● The data:

'''

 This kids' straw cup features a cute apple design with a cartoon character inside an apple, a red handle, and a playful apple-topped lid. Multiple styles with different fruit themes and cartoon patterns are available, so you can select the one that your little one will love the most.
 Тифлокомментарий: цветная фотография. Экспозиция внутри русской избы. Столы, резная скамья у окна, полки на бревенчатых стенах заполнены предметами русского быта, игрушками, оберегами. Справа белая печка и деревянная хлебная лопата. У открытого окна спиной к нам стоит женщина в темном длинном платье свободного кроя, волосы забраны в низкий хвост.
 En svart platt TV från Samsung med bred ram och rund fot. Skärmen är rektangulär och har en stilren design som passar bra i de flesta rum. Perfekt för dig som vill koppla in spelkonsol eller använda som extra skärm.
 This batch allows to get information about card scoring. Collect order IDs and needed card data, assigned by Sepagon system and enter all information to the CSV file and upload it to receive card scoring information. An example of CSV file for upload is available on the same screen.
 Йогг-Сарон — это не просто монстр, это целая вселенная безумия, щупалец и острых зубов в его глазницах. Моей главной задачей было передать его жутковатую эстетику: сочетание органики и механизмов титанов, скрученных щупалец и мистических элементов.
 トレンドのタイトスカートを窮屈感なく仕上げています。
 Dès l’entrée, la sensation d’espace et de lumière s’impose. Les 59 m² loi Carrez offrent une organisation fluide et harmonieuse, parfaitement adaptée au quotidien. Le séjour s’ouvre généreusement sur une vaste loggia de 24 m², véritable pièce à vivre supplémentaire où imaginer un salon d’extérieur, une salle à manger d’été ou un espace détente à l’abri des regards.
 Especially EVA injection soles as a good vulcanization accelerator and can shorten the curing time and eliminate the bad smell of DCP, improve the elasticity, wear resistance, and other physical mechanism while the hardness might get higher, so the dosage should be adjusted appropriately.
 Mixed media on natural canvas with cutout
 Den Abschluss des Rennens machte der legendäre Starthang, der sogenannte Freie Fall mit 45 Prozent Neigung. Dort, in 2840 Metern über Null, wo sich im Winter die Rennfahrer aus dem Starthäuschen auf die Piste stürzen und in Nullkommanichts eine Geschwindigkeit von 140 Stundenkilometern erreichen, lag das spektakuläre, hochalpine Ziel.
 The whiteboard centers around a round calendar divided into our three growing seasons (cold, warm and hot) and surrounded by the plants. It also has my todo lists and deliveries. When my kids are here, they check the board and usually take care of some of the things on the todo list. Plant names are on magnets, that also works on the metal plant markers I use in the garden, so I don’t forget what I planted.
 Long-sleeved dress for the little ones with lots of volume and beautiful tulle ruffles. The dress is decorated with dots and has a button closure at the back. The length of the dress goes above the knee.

'''

● Exercise: Every line from above should appear again in the answer, exactly as written.

● Finished task:
 This kids' straw cup features a cute apple design with a cartoon character inside an apple, a red handle, and a playful apple-topped lid. Multiple styles with different fruit themes and cartoon patterns are available, so you can select the one that your little one will love the most.
 Тифлокомментарий: цветная фотография. Экспозиция внутри русской избы. Столы, резная скамья у окна, полки на бревенчатых стенах заполнены предметами русского быта, игрушками, оберегами. Справа белая печка и деревянная хлебная лопата. У открытого окна спиной к нам стоит женщина в темном длинном платье свободного кроя, волосы забраны в низкий хвост.
 En svart platt TV från Samsung med bred ram och rund fot. Skärmen är rektangulär och har en stilren design som passar bra i de flesta rum. Perfekt för dig som vill koppla in spelkonsol eller använda som extra skärm.
 This batch allows to get information about card scoring. Collect order IDs and needed card data, assigned by Sepagon system and enter all information to the CSV file and upload it to receive card scoring information. An example of CSV file for upload is available on the same screen.
 Йогг-Сарон — это не просто монстр, это целая вселенная безумия, щупалец и острых зубов в его глазницах. Моей главной задачей было передать его жутковатую эстетику: сочетание органики и механизмов титанов, скрученных щупалец и мистических элементов.
 トレンドのタイトスカートを窮屈感なく仕上げています。
 Dès l’entrée, la sensation d’espace et de lumière s’impose. Les 59 m² loi Carrez offrent une organisation fluide et harmonieuse, parfaitement adaptée au quotidien. Le séjour s’ouvre généreusement sur une vaste loggia de 24 m², véritable pièce à vivre supplémentaire où imaginer un salon d’extérieur, une salle à manger d’été ou un espace détente à l’abri des regards.
 Especially EVA injection soles as a good vulcanization accelerator and can shorten the curing time and eliminate the bad smell of DCP, improve the elasticity, wear resistance, and other physical mechanism while the hardness might get higher, so the dosage should be adjusted appropriately.
 Mixed media on natural canvas with cutout
 Den Abschluss des Rennens machte der legendäre Starthang, der sogenannte Freie Fall mit 45 Prozent Neigung. Dort, in 2840 Metern über Null, wo sich im Winter die Rennfahrer aus dem Starthäuschen auf die Piste stürzen und in Nullkommanichts eine Geschwindigkeit von 140 Stundenkilometern erreichen, lag das spektakuläre, hochalpine Ziel.
 The whiteboard centers around a round calendar divided into our three growing seasons (cold, warm and hot) and surrounded by the plants. It also has my todo lists and deliveries. When my kids are here, they check the board and usually take care of some of the things on the todo list. Plant names are on magnets, that also works on the metal plant markers I use in the garden, so I don’t forget what I planted.
 Long-sleeved dress for the little ones with lots of volume and beautiful tulle ruffles. The dress is decorated with dots and has a button closure at the back. The length of the dress goes above the knee.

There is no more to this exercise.